Как постарела дверь!
Я и доныне помню ее пенье.
Но, тихая, молчит она теперь
и только пепел сеет на ступени,
а сотни глаз зияющей тоски
с меня не сводят темные орбиты,
и по углам латают пауки
лохмотья тени, веющей забытым.
И горечью дохнув,
из темноты несмело и незряче
встают ворота, руки распахнув
в растроганном и судорожном плаче, —
то вновь мои сыновние глаза
коснулись их немого полукруга,
где в каждой щелке тайная слеза
уснула, как далекая подруга.
И вот полузабытая тоска
с бездомным сердцем тихо зашепталась.
— Сеньора?
— Да, сеньор, она скончалась…
а я все вижу креп ее платка…
Былое бредит, болью оживая,
и молча принимается в ночи
отверженная муза кочевая
точить свои певучие ключи, —
как будто там,
где стынут ненавистно
пустых могил землистые зрачки,
зажглись, верша таинственную тризну,
магические древние клинки…
А дождь идет, идет… И все дурманней
плывет кадильным дымом отпеваний
камфарный запах лавров вековых,
которые стоят, темны и строги,
и в дождь, не покрывая головы,
оплакивают мертвых у дороги.
«В тот день я родился…»
Перевод А. Гелескула
В тот день я родился,
когда господь занемог.
И знают все, что родился
и рос и не стал добрей
но никому неведом
декабрь моих январей.
Мои тайники пустые
глубоко погружены,
и что-то в душе зияет
под куполом тишины.
Однажды она звучала —
и голос был как ожог.
Ибо в тот день я родился,
когда господь занемог.
Слушай же, слушай, брат мой…
Ладно. Пора обратно —
взвалив декабри на плечи,
свалив январи у ног…
Ибо в тот день я родился,
когда господь занемог.
И знают все, что живу я,
жую свой хлеб… И не знают,
откуда она, моя злая,
моя гробовая тоска, —
как ветер, распутанный Сфинксом,
назойливым духом песка.
И знают все… И не знают,
что Свет от чахотки тает,
а Мрак откормлен и горд,
и всех нас венчает Тайна —
наш горький и вечный горб,
певучее грустное бремя, которое нам обещает
неведомый Южный пролив за пределами наших дорог…

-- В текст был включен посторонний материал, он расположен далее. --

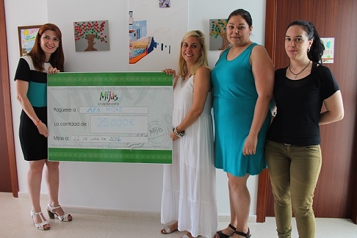 Mijas, 22 de junio de 2016.- La edil de Asuntos Sociales del Ayuntamiento de Mijas, Mari Carmen Carmona, ha hecho entrega esta mañana de los cheques valorados en 65.000 euros que el Consistorio ha concedido a tres entidades del municipio: la Asociación de Familiares de Enfermos de Alzheimer (AFA) Fuengirola- Mijas Costa, la Asociación de Familiares de Enfermos de Alzheimer de Mijas Pueblo y Cruz Roja. Estas cantidades van a contribuir a que estos organismos puedan desarrollar programas y servicios en ayuda de los colectivos a los que benefician. « No son las únicas prestaciones que vamos ofrecer durante el 2016. A lo largo del año seguiremos ayudando a aquellos que lo necesitan y contribuyendo a que proyectos que benefician a la comunidad salgan adelante », apunta la concejala.

В тот день, когда я родился,
господь занемог.
Господь тяжело
занемог.
«Одиночка в четыре стены…»[239]
Перевод Юнны Мориц
Одиночка в четыре стены,
о, коробка в четыре стены,
безнадежная вечная цифра!
Четвертует четверка углов
все четыре конечности тела
четверней ежедневных оков!
Где ты, ключница с лаской ключей?
Если б ты увидала, как вечно,
несомненно и ровно четыре!
Если б мы оказались вдвоем
против них, четверых. О, скажи мне,
ты б ни разу не плакала, правда?!
Ах, застенок в четыре стены!
Две из них, что гораздо длиннее,
этой ночью меня истерзали
тенью двух матерей уже мертвых,
но ведущих вдоль бромистых склонов
одного и того же ребенка.
Остаюсь я с протянутой — правой,
в ней усилия левой и правой,
двух, разъятых насилием, рук.
О, ищу я третейскую руку,
чтоб она приласкала на ощупь
искалеченность духа и тела,
заточенных в пространство и время.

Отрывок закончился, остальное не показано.